**WHAT IS REQUIRED:** The entries below are to be returned as written, with all pictures dropped.

**ENTRIES SUPPLIED:**
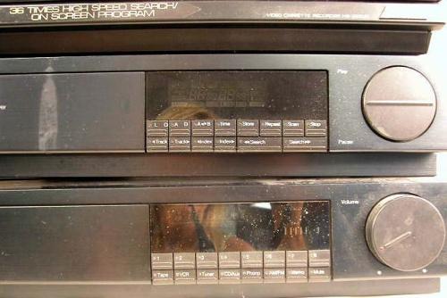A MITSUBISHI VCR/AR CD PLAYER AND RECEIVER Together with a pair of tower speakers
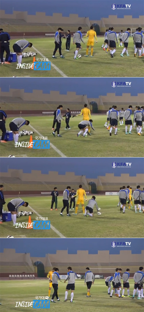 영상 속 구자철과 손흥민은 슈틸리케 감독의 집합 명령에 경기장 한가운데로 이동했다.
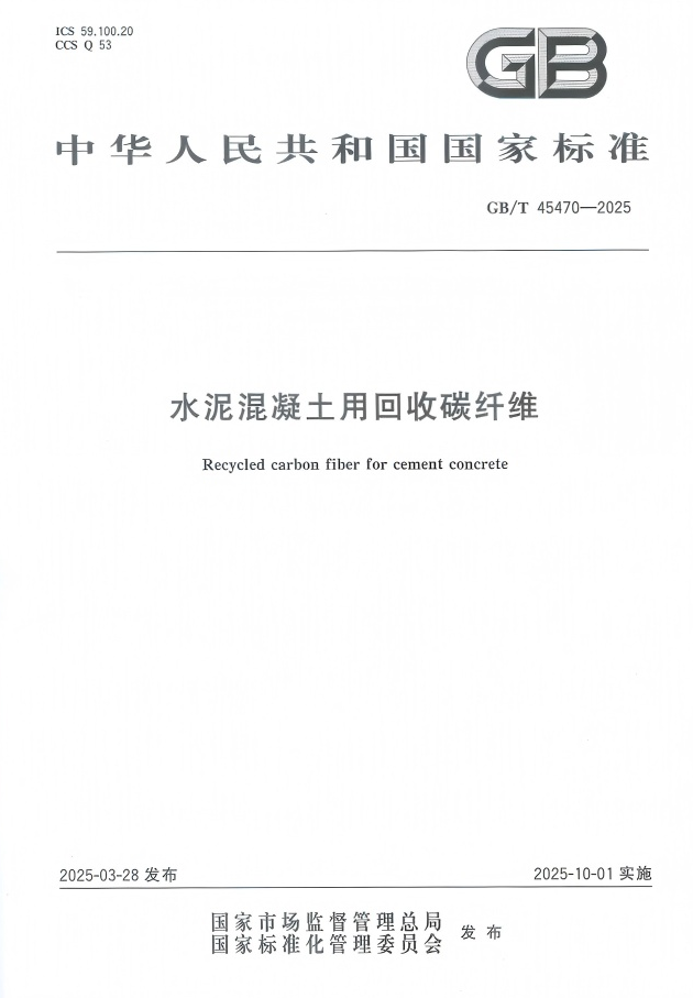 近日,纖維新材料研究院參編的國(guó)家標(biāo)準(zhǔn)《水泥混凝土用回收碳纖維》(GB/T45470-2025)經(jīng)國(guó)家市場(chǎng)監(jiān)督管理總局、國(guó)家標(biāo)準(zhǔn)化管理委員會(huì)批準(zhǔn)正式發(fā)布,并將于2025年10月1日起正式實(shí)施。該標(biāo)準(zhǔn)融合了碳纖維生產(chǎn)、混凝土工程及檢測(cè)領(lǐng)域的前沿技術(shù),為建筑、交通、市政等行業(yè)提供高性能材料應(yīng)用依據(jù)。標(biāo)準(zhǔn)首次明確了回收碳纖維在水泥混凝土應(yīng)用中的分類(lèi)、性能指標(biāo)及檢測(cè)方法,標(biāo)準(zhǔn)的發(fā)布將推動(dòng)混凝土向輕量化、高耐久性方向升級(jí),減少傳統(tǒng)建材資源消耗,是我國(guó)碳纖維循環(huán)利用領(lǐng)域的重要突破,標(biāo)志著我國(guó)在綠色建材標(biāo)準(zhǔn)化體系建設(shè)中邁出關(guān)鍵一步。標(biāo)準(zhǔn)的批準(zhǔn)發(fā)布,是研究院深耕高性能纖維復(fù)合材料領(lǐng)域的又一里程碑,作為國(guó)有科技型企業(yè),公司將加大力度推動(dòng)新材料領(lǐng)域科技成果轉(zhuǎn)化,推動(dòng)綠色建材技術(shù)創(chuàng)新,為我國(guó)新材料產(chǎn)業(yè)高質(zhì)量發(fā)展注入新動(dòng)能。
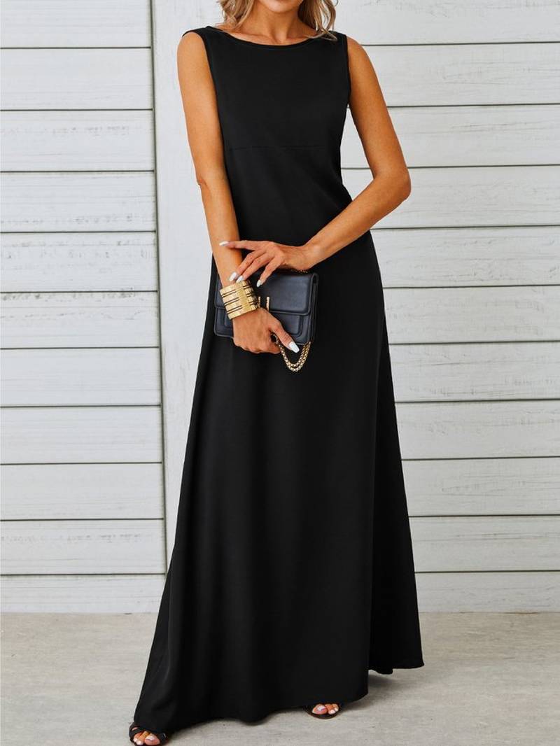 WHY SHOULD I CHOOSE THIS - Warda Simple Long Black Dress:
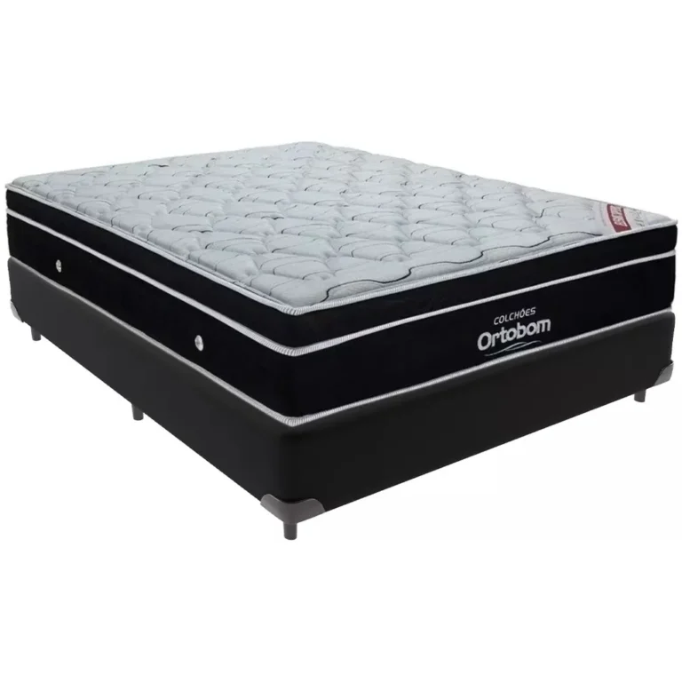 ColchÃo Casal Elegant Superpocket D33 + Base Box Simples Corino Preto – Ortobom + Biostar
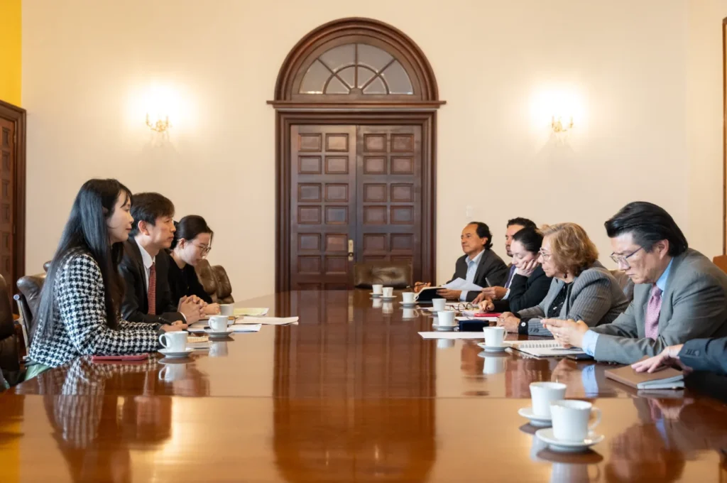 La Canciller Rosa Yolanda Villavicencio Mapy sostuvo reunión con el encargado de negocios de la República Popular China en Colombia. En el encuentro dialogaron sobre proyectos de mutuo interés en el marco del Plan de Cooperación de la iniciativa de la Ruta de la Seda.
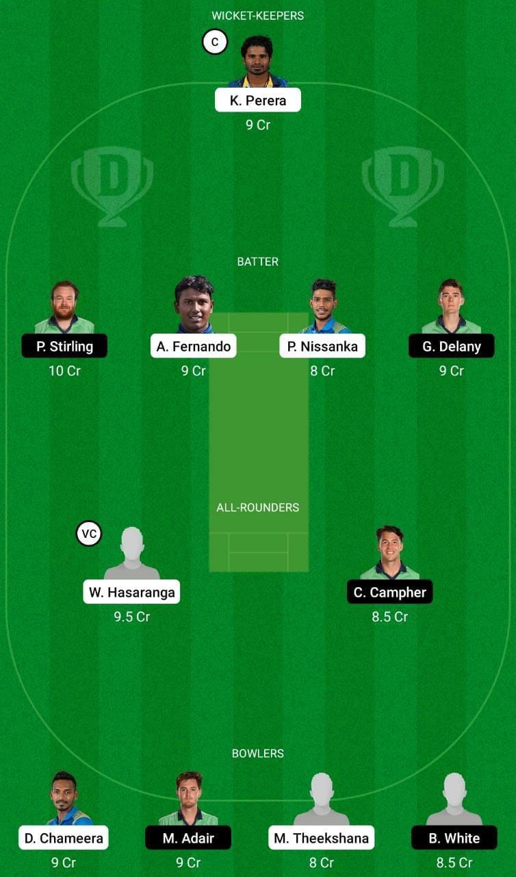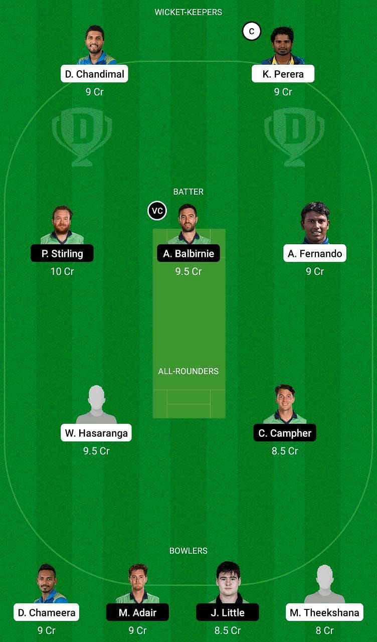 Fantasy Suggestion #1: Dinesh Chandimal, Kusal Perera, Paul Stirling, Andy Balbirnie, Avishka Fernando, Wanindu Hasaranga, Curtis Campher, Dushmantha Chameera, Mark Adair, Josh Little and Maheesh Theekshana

**OUTPUT FOR THIS EXERCISE:**
A MITSUBISHI VCR/AR CD PLAYER AND RECEIVER Together with a pair of tower speakers
 영상 속 구자철과 손흥민은 슈틸리케 감독의 집합 명령에 경기장 한가운데로 이동했다.
 近日,纖維新材料研究院參編的國(guó)家標(biāo)準(zhǔn)《水泥混凝土用回收碳纖維》(GB/T45470-2025)經(jīng)國(guó)家市場(chǎng)監(jiān)督管理總局、國(guó)家標(biāo)準(zhǔn)化管理委員會(huì)批準(zhǔn)正式發(fā)布,并將于2025年10月1日起正式實(shí)施。該標(biāo)準(zhǔn)融合了碳纖維生產(chǎn)、混凝土工程及檢測(cè)領(lǐng)域的前沿技術(shù),為建筑、交通、市政等行業(yè)提供高性能材料應(yīng)用依據(jù)。標(biāo)準(zhǔn)首次明確了回收碳纖維在水泥混凝土應(yīng)用中的分類(lèi)、性能指標(biāo)及檢測(cè)方法,標(biāo)準(zhǔn)的發(fā)布將推動(dòng)混凝土向輕量化、高耐久性方向升級(jí),減少傳統(tǒng)建材資源消耗,是我國(guó)碳纖維循環(huán)利用領(lǐng)域的重要突破,標(biāo)志著我國(guó)在綠色建材標(biāo)準(zhǔn)化體系建設(shè)中邁出關(guān)鍵一步。標(biāo)準(zhǔn)的批準(zhǔn)發(fā)布,是研究院深耕高性能纖維復(fù)合材料領(lǐng)域的又一里程碑,作為國(guó)有科技型企業(yè),公司將加大力度推動(dòng)新材料領(lǐng)域科技成果轉(zhuǎn)化,推動(dòng)綠色建材技術(shù)創(chuàng)新,為我國(guó)新材料產(chǎn)業(yè)高質(zhì)量發(fā)展注入新動(dòng)能。
 WHY SHOULD I CHOOSE THIS - Warda Simple Long Black Dress:
 ColchÃo Casal Elegant Superpocket D33 + Base Box Simples Corino Preto – Ortobom + Biostar
 La Canciller Rosa Yolanda Villavicencio Mapy sostuvo reunión con el encargado de negocios de la República Popular China en Colombia. En el encuentro dialogaron sobre proyectos de mutuo interés en el marco del Plan de Cooperación de la iniciativa de la Ruta de la Seda.
 Fantasy Suggestion #1: Dinesh Chandimal, Kusal Perera, Paul Stirling, Andy Balbirnie, Avishka Fernando, Wanindu Hasaranga, Curtis Campher, Dushmantha Chameera, Mark Adair, Josh Little and Maheesh Theekshana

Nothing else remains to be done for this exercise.